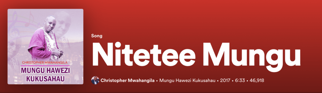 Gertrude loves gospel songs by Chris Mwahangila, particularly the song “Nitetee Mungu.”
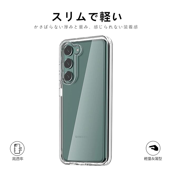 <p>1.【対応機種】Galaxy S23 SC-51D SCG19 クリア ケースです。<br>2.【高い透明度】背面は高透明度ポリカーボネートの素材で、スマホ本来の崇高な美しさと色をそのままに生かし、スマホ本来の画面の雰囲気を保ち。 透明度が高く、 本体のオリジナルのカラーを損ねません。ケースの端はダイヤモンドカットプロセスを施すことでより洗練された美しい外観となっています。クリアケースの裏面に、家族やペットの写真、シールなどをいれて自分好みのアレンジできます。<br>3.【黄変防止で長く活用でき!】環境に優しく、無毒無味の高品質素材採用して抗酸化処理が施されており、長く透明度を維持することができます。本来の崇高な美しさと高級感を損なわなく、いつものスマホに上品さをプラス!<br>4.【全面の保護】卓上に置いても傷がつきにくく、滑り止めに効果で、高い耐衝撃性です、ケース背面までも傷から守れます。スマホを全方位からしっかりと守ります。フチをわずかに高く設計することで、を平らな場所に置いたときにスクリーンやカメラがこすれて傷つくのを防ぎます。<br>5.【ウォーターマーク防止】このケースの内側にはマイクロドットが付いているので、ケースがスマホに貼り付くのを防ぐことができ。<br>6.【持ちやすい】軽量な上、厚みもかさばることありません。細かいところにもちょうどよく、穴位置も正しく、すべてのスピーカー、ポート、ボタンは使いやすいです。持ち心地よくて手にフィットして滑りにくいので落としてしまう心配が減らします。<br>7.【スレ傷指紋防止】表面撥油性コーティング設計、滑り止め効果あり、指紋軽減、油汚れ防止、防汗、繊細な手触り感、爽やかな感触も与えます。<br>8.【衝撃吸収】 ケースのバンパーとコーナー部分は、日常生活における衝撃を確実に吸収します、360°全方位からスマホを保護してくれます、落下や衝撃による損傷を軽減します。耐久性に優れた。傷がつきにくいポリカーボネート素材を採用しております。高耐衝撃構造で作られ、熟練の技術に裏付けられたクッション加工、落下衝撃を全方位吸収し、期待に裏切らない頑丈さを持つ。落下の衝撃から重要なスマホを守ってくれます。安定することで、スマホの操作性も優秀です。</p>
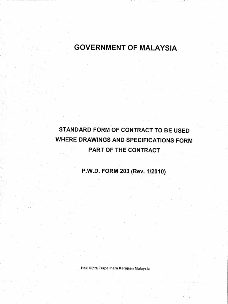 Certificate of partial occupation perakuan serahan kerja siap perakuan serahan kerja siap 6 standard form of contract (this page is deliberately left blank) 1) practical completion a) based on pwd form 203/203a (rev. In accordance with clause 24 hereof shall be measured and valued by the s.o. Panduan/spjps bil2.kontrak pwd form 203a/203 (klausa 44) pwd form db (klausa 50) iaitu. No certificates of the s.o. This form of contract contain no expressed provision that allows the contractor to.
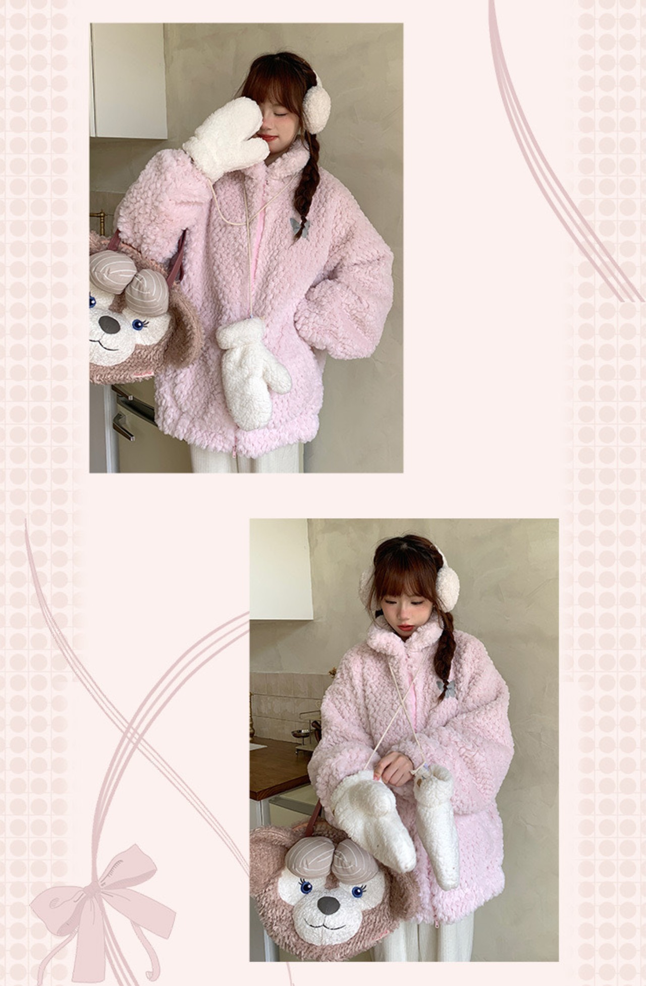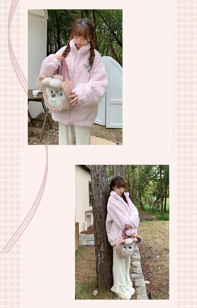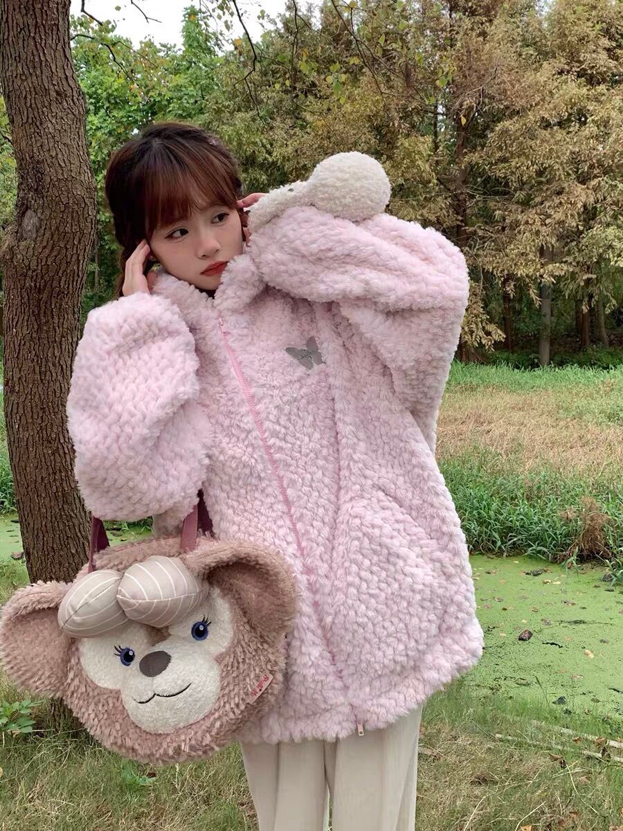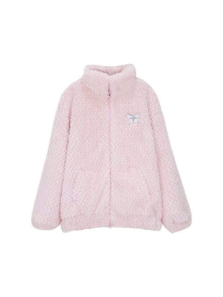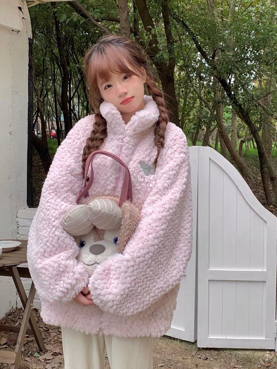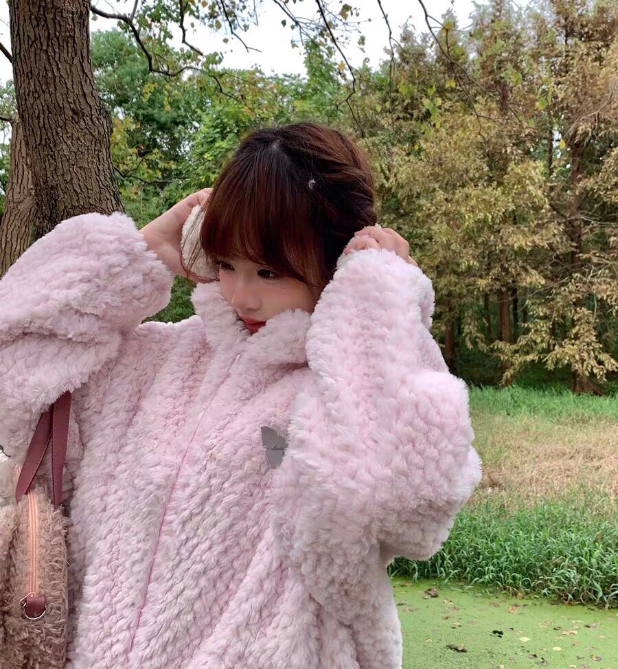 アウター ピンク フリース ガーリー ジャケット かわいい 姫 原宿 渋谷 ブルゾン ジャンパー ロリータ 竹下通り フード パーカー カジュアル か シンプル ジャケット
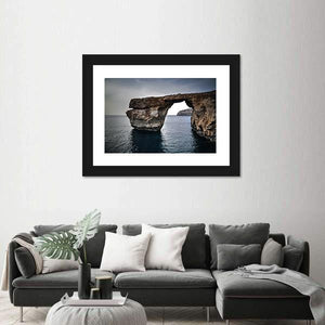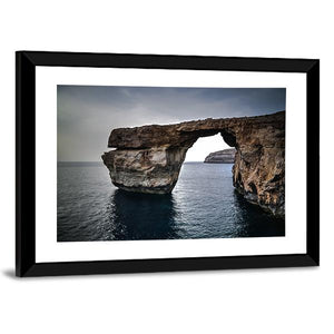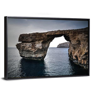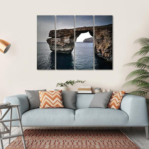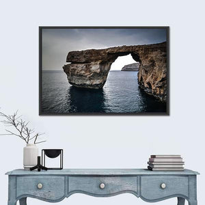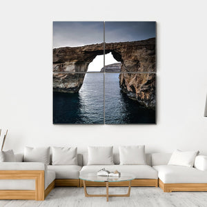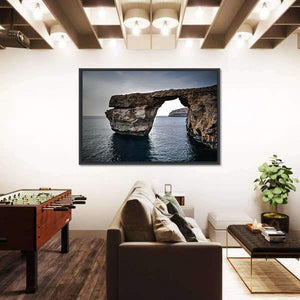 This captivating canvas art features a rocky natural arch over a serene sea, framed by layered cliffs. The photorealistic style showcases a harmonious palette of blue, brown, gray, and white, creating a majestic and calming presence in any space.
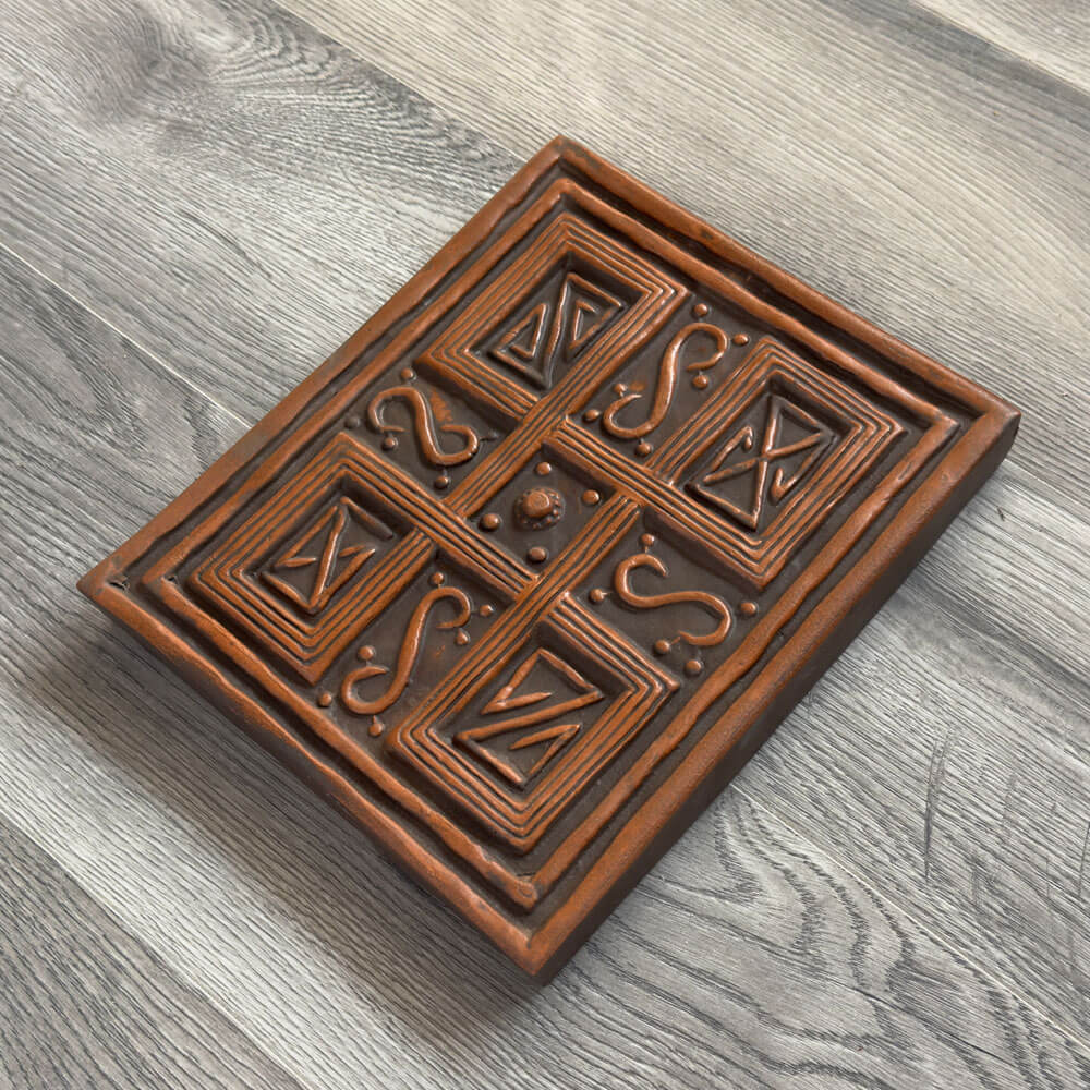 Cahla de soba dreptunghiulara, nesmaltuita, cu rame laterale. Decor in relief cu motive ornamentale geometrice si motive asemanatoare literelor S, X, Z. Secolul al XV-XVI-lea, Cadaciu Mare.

=== WHAT THE TASK ASKS ===
Output all the entries above verbatim, please. No images.

=== EXERCISE ANSWER ===
 Gertrude loves gospel songs by Chris Mwahangila, particularly the song “Nitetee Mungu.”
 <p>1.【対応機種】Galaxy S23 SC-51D SCG19 クリア ケースです。<br>2.【高い透明度】背面は高透明度ポリカーボネートの素材で、スマホ本来の崇高な美しさと色をそのままに生かし、スマホ本来の画面の雰囲気を保ち。 透明度が高く、 本体のオリジナルのカラーを損ねません。ケースの端はダイヤモンドカットプロセスを施すことでより洗練された美しい外観となっています。クリアケースの裏面に、家族やペットの写真、シールなどをいれて自分好みのアレンジできます。<br>3.【黄変防止で長く活用でき!】環境に優しく、無毒無味の高品質素材採用して抗酸化処理が施されており、長く透明度を維持することができます。本来の崇高な美しさと高級感を損なわなく、いつものスマホに上品さをプラス!<br>4.【全面の保護】卓上に置いても傷がつきにくく、滑り止めに効果で、高い耐衝撃性です、ケース背面までも傷から守れます。スマホを全方位からしっかりと守ります。フチをわずかに高く設計することで、を平らな場所に置いたときにスクリーンやカメラがこすれて傷つくのを防ぎます。<br>5.【ウォーターマーク防止】このケースの内側にはマイクロドットが付いているので、ケースがスマホに貼り付くのを防ぐことができ。<br>6.【持ちやすい】軽量な上、厚みもかさばることありません。細かいところにもちょうどよく、穴位置も正しく、すべてのスピーカー、ポート、ボタンは使いやすいです。持ち心地よくて手にフィットして滑りにくいので落としてしまう心配が減らします。<br>7.【スレ傷指紋防止】表面撥油性コーティング設計、滑り止め効果あり、指紋軽減、油汚れ防止、防汗、繊細な手触り感、爽やかな感触も与えます。<br>8.【衝撃吸収】 ケースのバンパーとコーナー部分は、日常生活における衝撃を確実に吸収します、360°全方位からスマホを保護してくれます、落下や衝撃による損傷を軽減します。耐久性に優れた。傷がつきにくいポリカーボネート素材を採用しております。高耐衝撃構造で作られ、熟練の技術に裏付けられたクッション加工、落下衝撃を全方位吸収し、期待に裏切らない頑丈さを持つ。落下の衝撃から重要なスマホを守ってくれます。安定することで、スマホの操作性も優秀です。</p>
 Certificate of partial occupation perakuan serahan kerja siap perakuan serahan kerja siap 6 standard form of contract (this page is deliberately left blank) 1) practical completion a) based on pwd form 203/203a (rev. In accordance with clause 24 hereof shall be measured and valued by the s.o. Panduan/spjps bil2.kontrak pwd form 203a/203 (klausa 44) pwd form db (klausa 50) iaitu. No certificates of the s.o. This form of contract contain no expressed provision that allows the contractor to.
 アウター ピンク フリース ガーリー ジャケット かわいい 姫 原宿 渋谷 ブルゾン ジャンパー ロリータ 竹下通り フード パーカー カジュアル か シンプル ジャケット
 This captivating canvas art features a rocky natural arch over a serene sea, framed by layered cliffs. The photorealistic style showcases a harmonious palette of blue, brown, gray, and white, creating a majestic and calming presence in any space.
 Cahla de soba dreptunghiulara, nesmaltuita, cu rame laterale. Decor in relief cu motive ornamentale geometrice si motive asemanatoare literelor S, X, Z. Secolul al XV-XVI-lea, Cadaciu Mare.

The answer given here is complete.